● **WORK TASK**:
Set down the final stretch of the data, from the line that holds "Количество турникетов, необходимое" through the last line, both included, with pictures left out.
··· COLLECTED MATERIAL ···
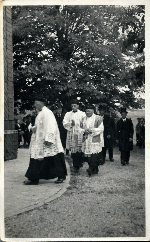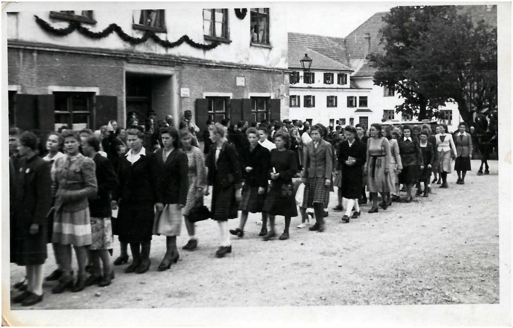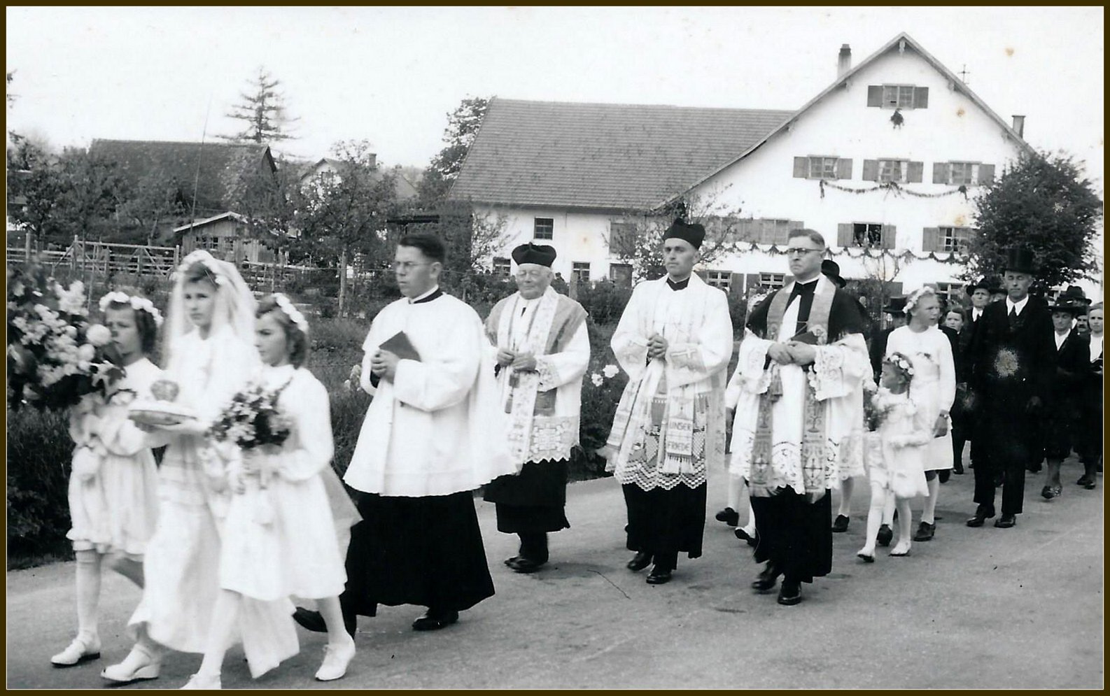 6. Der Zug führt vorbei am Endres Haus. Für Altusried war abgeordnet Gg.Burger, dahinter Pfarrer Günthör mit einem Birett als Zeichen eines Amtes.
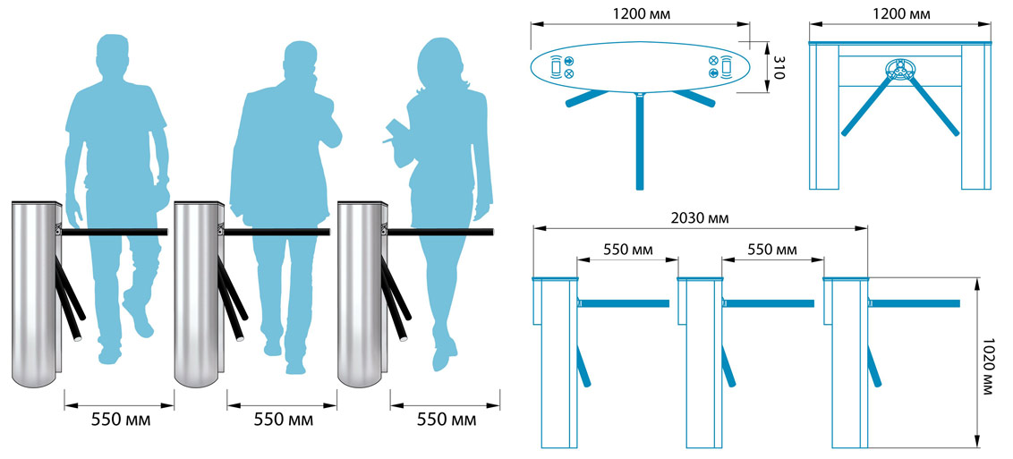 Количество турникетов, необходимое для комфортного обеспечения одиночного прохода людей рекомендуется определять исходя из пропускной способности турникета. Для данных моделей, ориентировочно, в течении 20 минут, из расчета 500 человек на один турникет.
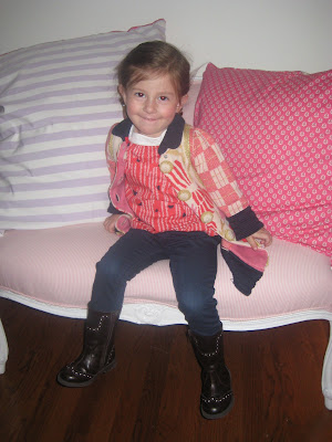 If not in her dress, this is how she dresses herself: color on color ("because it matches") and an expired holiday Hello Kitty t-shirt...
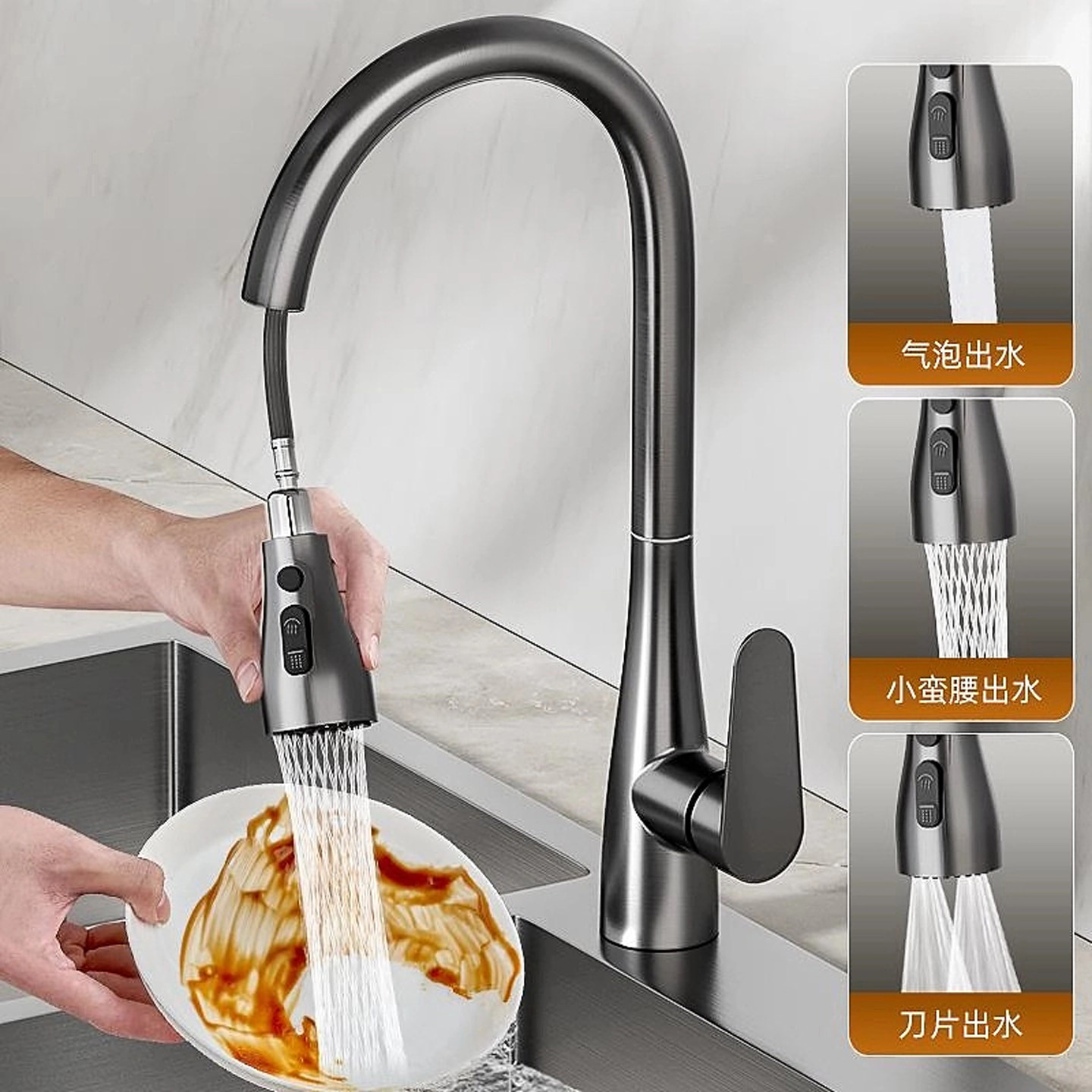 📚 包安装全铜厨房抽拉式水龙头伸缩洗菜盆专用水槽冷热两用增压防溅
···
● **REPLY**:
 Количество турникетов, необходимое для комфортного обеспечения одиночного прохода людей рекомендуется определять исходя из пропускной способности турникета. Для данных моделей, ориентировочно, в течении 20 минут, из расчета 500 человек на один турникет.
 If not in her dress, this is how she dresses herself: color on color ("because it matches") and an expired holiday Hello Kitty t-shirt...
 📚 包安装全铜厨房抽拉式水龙头伸缩洗菜盆专用水槽冷热两用增压防溅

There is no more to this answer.